Another transcendentalist, Amos Bronson Alcott, a teacher of young children and father of Louisa May Alcott, wrote extensive journals and texts from the 1820s through the 1840s about his teaching philosophy and observations of children. His beliefs that children must be allowed to pursue the spontaneity of their divine natures were radical to the point of being impractical, especially in the eyes of many conservative parents, and Alcott was dismissed from several teaching positions. Nevertheless, progressive educators and writers of the period, such as Peabody, Mary and Horace Mann, and Emerson, admired and encouraged Alcott's deep commitment to describing and respecting the spiritual quality of children. In a similar vein, Walt Whitman's poetry also exalts the higher spiritual and intuitive status of the child. In "There Was a Child Went Forth" (1855), Whitman describes the child's capacity to merge with and assimilate the vast world of experience.
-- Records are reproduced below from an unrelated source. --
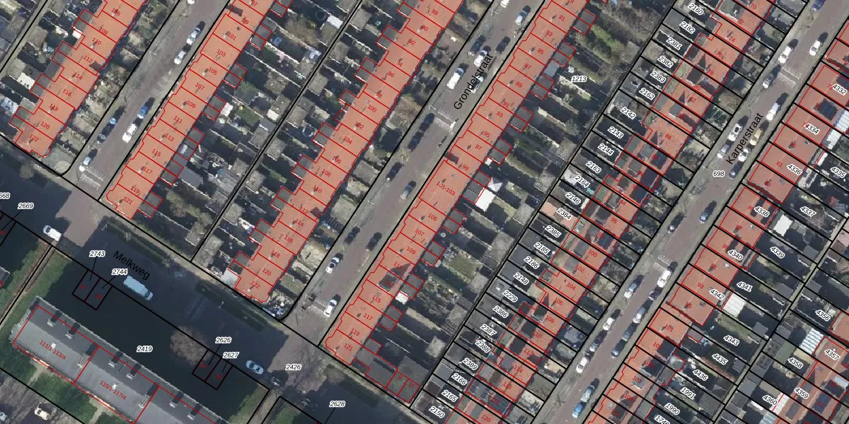 Het perceel waarop Grondelstraat 105 staat heeft een oppervlakte van 4501 m². Dit is een zeer groot perceel. De perceeloppervlakte wordt geregistreerd door het Kadaster. Gedetailleerde informatie over de maten van dit perceel kunt u vinden in het rapport Kadastrale kaart met maatvoering van Grondelstraat 105.
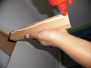 補修箇所に切り込みを入れ、切り込み個所が凹んでしまわないよう補強していきます☆(ボンド使用後ビスを打っていきます)
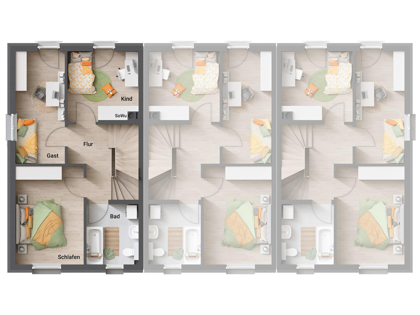 Im Erdgeschoß verfügen Sie über ein großes Wohnzimmer mit einladendem Essbereich. Die hohen Fenster machen Ihre Räume hell und freundlich und gewähren Ihnen freien Blick in den Garten. Über den geschwungenen Aufgang erreichen Sie das Obergeschoß mit einem gemütlichen Schlaf- und Gästezimmer sowie einem geräumigen Kinderzimmer und mit einem modernen Bad mit Fenster.
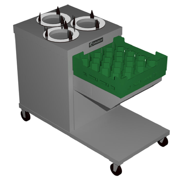 The Caddy CM-2720-C-20 Caddy Magic Cup/Saucer Rack Dispenser Cantilever Unheated is a versatile and efficient solution for organizing and dispensing cups and saucers in busy food service environments. This cantilever-style dispenser is specifically designed to accommodate 20-inch by 20-inch racks, boasting a substantial capacity that can hold up to 140 cups and 210 saucers, ranging in diameter from 5-7/8 inches to 7-1/4 inches. Its self-leveling platform ensures effortless access and organization, while the inclusion of three adjustable cylinder dispensers allows for customization to suit varying operational needs. The Caddy Magic is constructed with durable stainless steel, ensuring longevity and ease of maintenance. Additionally, it is equipped with 4-inch swivel casters, providing mobility and flexibility within your workspace. Recognized with the NSF certification, this unheated dispenser meets stringent public health and safety standards, making it an ideal choice for cafeterias, hotels, and catering businesses that demand high efficiency and reliability. The Caddy CM-2720-C-20 stands out for its combination of capacity, adaptability, and resilient construction, offering a practical and space-efficient solution for establishments requiring organized cup and saucer storage and dispensing.

Fundamentally, Whitman echoes the Lockean perspective that learning comes from direct experience through the senses and, similar to Thoreau and Emerson, suggests that the child's senses and intuitions are particularly acute for generating new perspectives. In "Song of Myself" (1855), Whitman suggests that the child's insight and knowledge is just as valid as the adult's, and he uses the child as the rhetorical vehicle for diminishing authoritarianism in favor of an egalitarian spirit. When the voice of a child poses the question, "What is the grass?" the poet responds, "How could I answer the child? I do not know what it is any more than he" (p. 665).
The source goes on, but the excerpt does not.